Return the data that follows exactly as it appears. Pictures do not belong in the copy.

STORED DATA
BEGIN

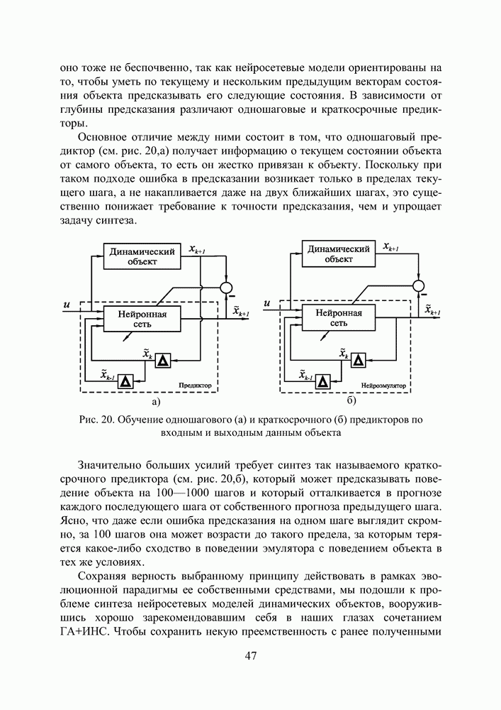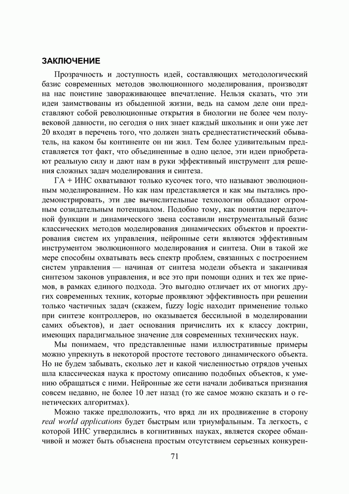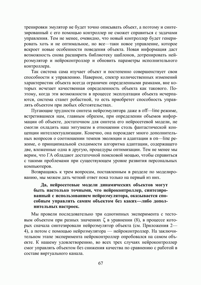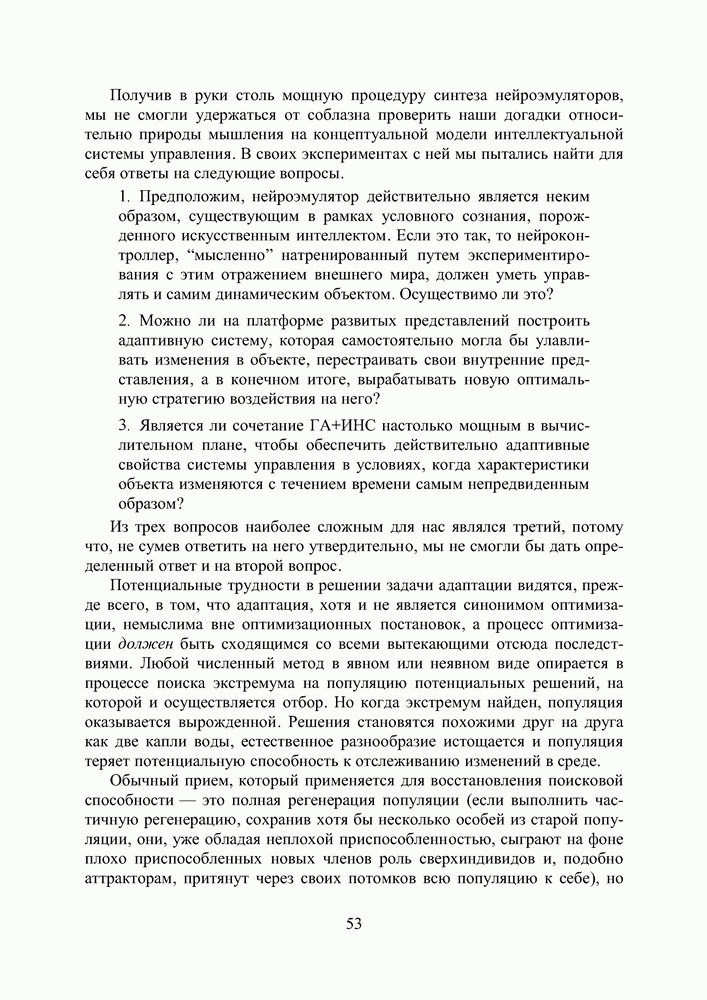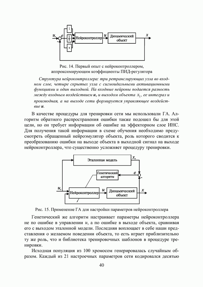 3. ГА+ИНС = НОВАЯ ПАРАДИГМА В УПРАВЛЕНИИКлассические методы синтеза систем управления базируются на хорошо развитом аппарате интегро-дифференциального исчисления, созданном Ньютоном около трехсот лет назад. Нейронные сети представляют собой альтернативное, существующее всего несколько лет, направление в теории автоматического управления, предлагающее иной способ отражения и преобразования действительности, в котором можно обнаружить и сходные, и различные черты с классической парадигмой. Проникновение дифференциальных уравнений в теорию автоматического регулирования связывают с именами Д. К. Максвелла (1831—1879) и И. А. Вышнеградского (1831—1895) [21]. Дело в том, что с момента построения Д. Уаттом паровой машины с центробежным регулятором скорости вращения (1784) и до середины второй половины прошлого века какая-либо теория регулирования просто отсутствовала. Однако, с ростом мощности паровых машин участились аварии, вызванные плохим качеством регулирования. И вот Максвелл и Вышнеградский почти одновременно и независимо друг от друга взялись за теоретический анализ этой системы. Оба использовали теорию малых колебаний, берущую начало от Ж. Л. Лагранжа. Записав уравнения Лагранжа для паровой машины и выразив в них фазовые переменные через возмущения относительно некоторых равновесных значений, Максвелл и Вышнеградский линеаризовали уравнения относительно возмущений и исследовали условия устойчивости состояния равновесия. Так начался первый этап в развитии теории автоматического управления, этап расцвета классических методов анализа. Продолжался он довольно долго — до 40-х годов нашего века, но в содержательном отношении не отличался большим разнообразием подходов. Исследование устойчивости, а также качества переходных процессов продолжали оставаться основными задачами всего этого периода. Термин «нейроуправление» впервые появился в работах Вербоса уже в 1976 году, однако решающую роль во внедрении ИНС в сферу управленческих задач сыграли работы Нарендры с соавторами (1989), в частности, [22]. Итак, в системах управления ИНС могут применяться в виде: • нейроконтроллеров; • нейроэмуляторов, имитирующих динамическое поведение объекта управления в целом или описывающих его отдельные характеристики, трудно поддающиеся математическому моделированию (например, фрикционные эффекты и т. п.). Первое, что мы попытались сделать самостоятельно, был синтез нейроконтроллера на базе трехслойной прямонаправленной сети [23]. В качестве объекта управления мы выбрали инерционное колебательное звено второго порядка с передаточной функцией вида
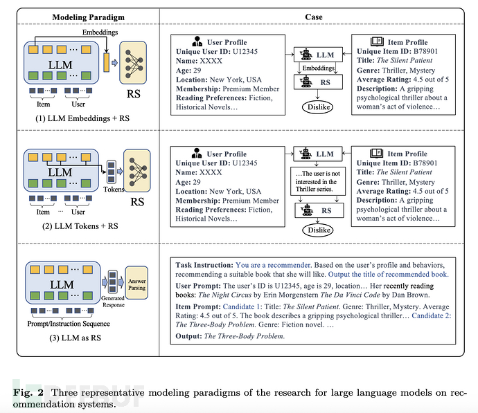 •向LLM输入用户和物品的特征,LLM生成蕴含潜在偏好信息的特定标识符(Token)。推荐系统则基于这些Token执行推荐任务。
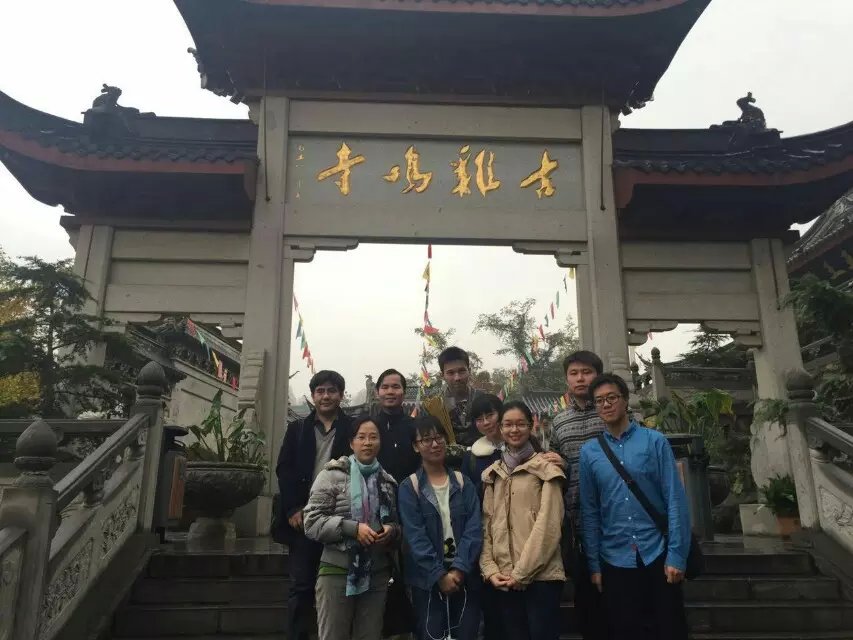 鸡鸣寺:从栖霞山返回后,我们去了著名佛寺——鸡鸣寺。鸡鸣寺位于南京市玄武区鸡笼山东麓山阜上,始建于西晋,是南京最古老的梵刹之一,自古有“南朝第一寺”,“南朝四百八十寺”之首寺的美誉,是南朝时期中国的佛教中心。在烟雨寒风中,我们从“鸡鸣寺”的牌坊而入,侧身而望,红黄的佛寺建筑依山而建,层层叠叠,让人瞬间领略了“南朝四百八十寺,多少楼台烟雨中”的意境,着实动人。梁武帝多次舍身鸡鸣寺,更让这座佛寺在历史中具有非凡的意义。寺中有药师佛塔、观音殿、大雄宝殿等等建筑,更有“胭脂井”——传说隋开皇九年,隋文帝发兵灭陈,隋军攻入台城之时,陈后主与其妃张丽华、孔贵嫔藏入此井,后被隋兵发现而成为俘虏,故又名辱井。俗云“石井栏石脉”,以帛拭之,作胭脂色,故名“胭脂井”,又叫“辱井”。我们入寺时,正碰上大雄宝殿内众尼僧在进行诵经活动,富有节奏韵律的诵经声伴着深秋的雨水,袅袅环绕着鸡鸣寺,让人不禁心静如水。

END

EXERCISE SOLUTION
 3. ГА+ИНС = НОВАЯ ПАРАДИГМА В УПРАВЛЕНИИКлассические методы синтеза систем управления базируются на хорошо развитом аппарате интегро-дифференциального исчисления, созданном Ньютоном около трехсот лет назад. Нейронные сети представляют собой альтернативное, существующее всего несколько лет, направление в теории автоматического управления, предлагающее иной способ отражения и преобразования действительности, в котором можно обнаружить и сходные, и различные черты с классической парадигмой. Проникновение дифференциальных уравнений в теорию автоматического регулирования связывают с именами Д. К. Максвелла (1831—1879) и И. А. Вышнеградского (1831—1895) [21]. Дело в том, что с момента построения Д. Уаттом паровой машины с центробежным регулятором скорости вращения (1784) и до середины второй половины прошлого века какая-либо теория регулирования просто отсутствовала. Однако, с ростом мощности паровых машин участились аварии, вызванные плохим качеством регулирования. И вот Максвелл и Вышнеградский почти одновременно и независимо друг от друга взялись за теоретический анализ этой системы. Оба использовали теорию малых колебаний, берущую начало от Ж. Л. Лагранжа. Записав уравнения Лагранжа для паровой машины и выразив в них фазовые переменные через возмущения относительно некоторых равновесных значений, Максвелл и Вышнеградский линеаризовали уравнения относительно возмущений и исследовали условия устойчивости состояния равновесия. Так начался первый этап в развитии теории автоматического управления, этап расцвета классических методов анализа. Продолжался он довольно долго — до 40-х годов нашего века, но в содержательном отношении не отличался большим разнообразием подходов. Исследование устойчивости, а также качества переходных процессов продолжали оставаться основными задачами всего этого периода. Термин «нейроуправление» впервые появился в работах Вербоса уже в 1976 году, однако решающую роль во внедрении ИНС в сферу управленческих задач сыграли работы Нарендры с соавторами (1989), в частности, [22]. Итак, в системах управления ИНС могут применяться в виде: • нейроконтроллеров; • нейроэмуляторов, имитирующих динамическое поведение объекта управления в целом или описывающих его отдельные характеристики, трудно поддающиеся математическому моделированию (например, фрикционные эффекты и т. п.). Первое, что мы попытались сделать самостоятельно, был синтез нейроконтроллера на базе трехслойной прямонаправленной сети [23]. В качестве объекта управления мы выбрали инерционное колебательное звено второго порядка с передаточной функцией вида
 •向LLM输入用户和物品的特征,LLM生成蕴含潜在偏好信息的特定标识符(Token)。推荐系统则基于这些Token执行推荐任务。
 鸡鸣寺:从栖霞山返回后,我们去了著名佛寺——鸡鸣寺。鸡鸣寺位于南京市玄武区鸡笼山东麓山阜上,始建于西晋,是南京最古老的梵刹之一,自古有“南朝第一寺”,“南朝四百八十寺”之首寺的美誉,是南朝时期中国的佛教中心。在烟雨寒风中,我们从“鸡鸣寺”的牌坊而入,侧身而望,红黄的佛寺建筑依山而建,层层叠叠,让人瞬间领略了“南朝四百八十寺,多少楼台烟雨中”的意境,着实动人。梁武帝多次舍身鸡鸣寺,更让这座佛寺在历史中具有非凡的意义。寺中有药师佛塔、观音殿、大雄宝殿等等建筑,更有“胭脂井”——传说隋开皇九年,隋文帝发兵灭陈,隋军攻入台城之时,陈后主与其妃张丽华、孔贵嫔藏入此井,后被隋兵发现而成为俘虏,故又名辱井。俗云“石井栏石脉”,以帛拭之,作胭脂色,故名“胭脂井”,又叫“辱井”。我们入寺时,正碰上大雄宝殿内众尼僧在进行诵经活动,富有节奏韵律的诵经声伴着深秋的雨水,袅袅环绕着鸡鸣寺,让人不禁心静如水。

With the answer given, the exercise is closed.